**Task requirements**
Could you print the stretch of lines below from the one with "海關(guān)身份證文件上傳:內(nè" through the one with "統一された木目調がポイントの新築外構です。", exactly as they stand and without any pictures?

**Extracted records**
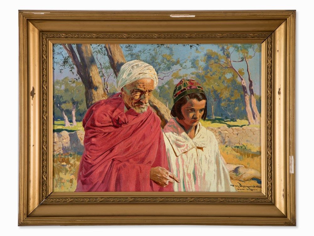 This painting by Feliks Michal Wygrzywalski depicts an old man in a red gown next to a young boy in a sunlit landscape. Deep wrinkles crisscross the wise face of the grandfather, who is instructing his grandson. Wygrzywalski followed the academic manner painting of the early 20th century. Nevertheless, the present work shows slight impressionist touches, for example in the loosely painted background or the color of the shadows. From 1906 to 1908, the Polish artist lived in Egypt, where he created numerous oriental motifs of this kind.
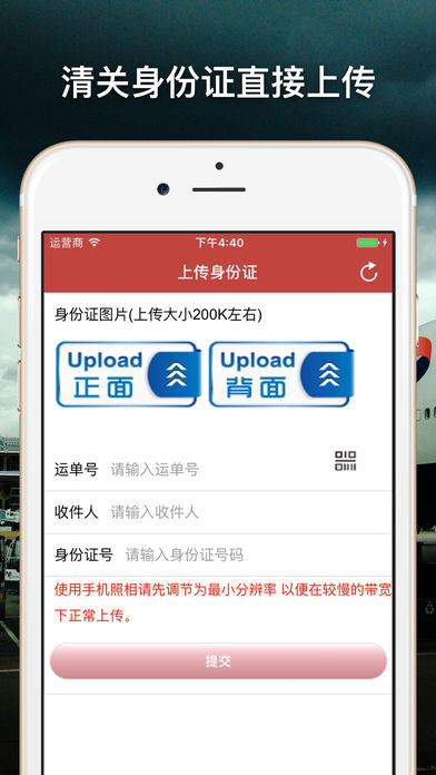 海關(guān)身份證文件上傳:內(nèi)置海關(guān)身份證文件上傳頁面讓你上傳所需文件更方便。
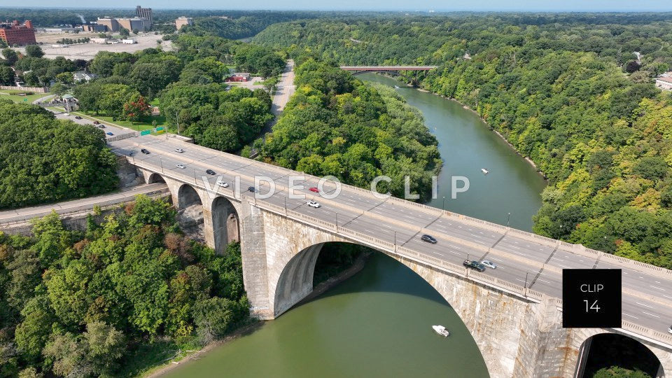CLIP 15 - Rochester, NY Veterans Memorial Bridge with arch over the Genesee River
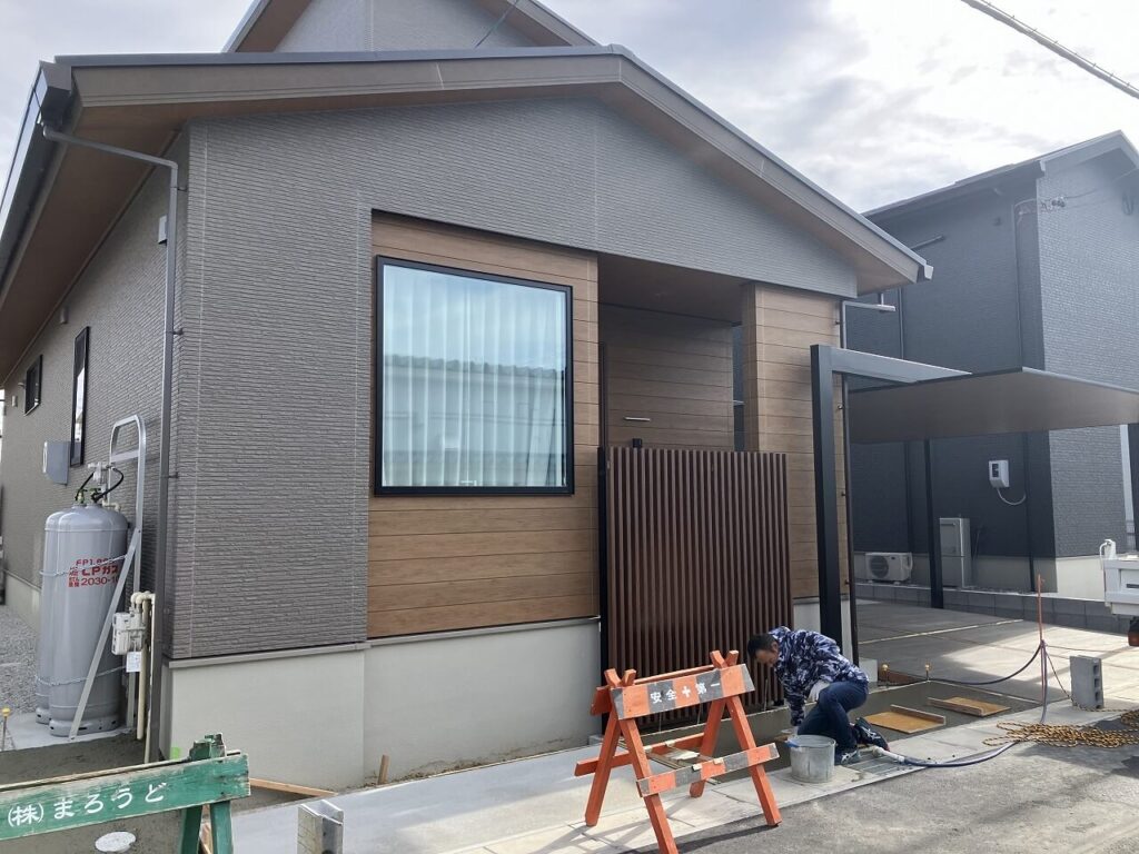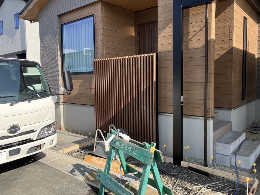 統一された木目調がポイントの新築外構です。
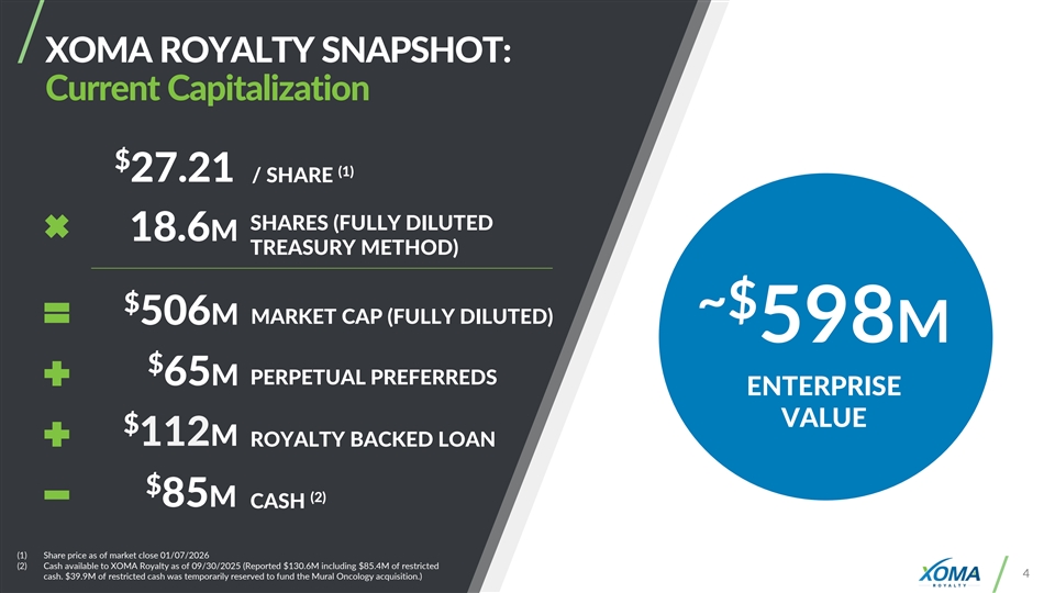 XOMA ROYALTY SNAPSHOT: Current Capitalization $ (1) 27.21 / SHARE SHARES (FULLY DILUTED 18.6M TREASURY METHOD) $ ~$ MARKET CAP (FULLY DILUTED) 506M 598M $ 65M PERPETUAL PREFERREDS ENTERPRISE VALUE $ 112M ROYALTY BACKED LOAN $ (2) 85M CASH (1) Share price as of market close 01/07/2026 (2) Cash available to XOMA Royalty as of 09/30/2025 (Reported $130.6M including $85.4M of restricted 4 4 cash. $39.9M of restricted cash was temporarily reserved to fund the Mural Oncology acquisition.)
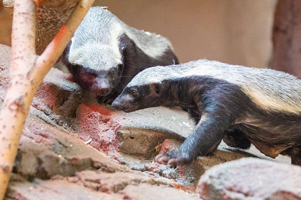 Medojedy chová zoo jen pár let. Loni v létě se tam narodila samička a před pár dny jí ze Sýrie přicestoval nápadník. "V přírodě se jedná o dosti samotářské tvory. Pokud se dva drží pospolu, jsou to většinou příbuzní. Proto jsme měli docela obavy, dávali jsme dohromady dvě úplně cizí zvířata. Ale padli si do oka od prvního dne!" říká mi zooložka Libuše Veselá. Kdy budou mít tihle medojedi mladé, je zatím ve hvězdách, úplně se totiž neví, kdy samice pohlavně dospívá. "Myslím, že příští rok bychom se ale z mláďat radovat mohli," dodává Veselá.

**Solution to this task**
 海關(guān)身份證文件上傳:內(nèi)置海關(guān)身份證文件上傳頁面讓你上傳所需文件更方便。
CLIP 15 - Rochester, NY Veterans Memorial Bridge with arch over the Genesee River
 統一された木目調がポイントの新築外構です。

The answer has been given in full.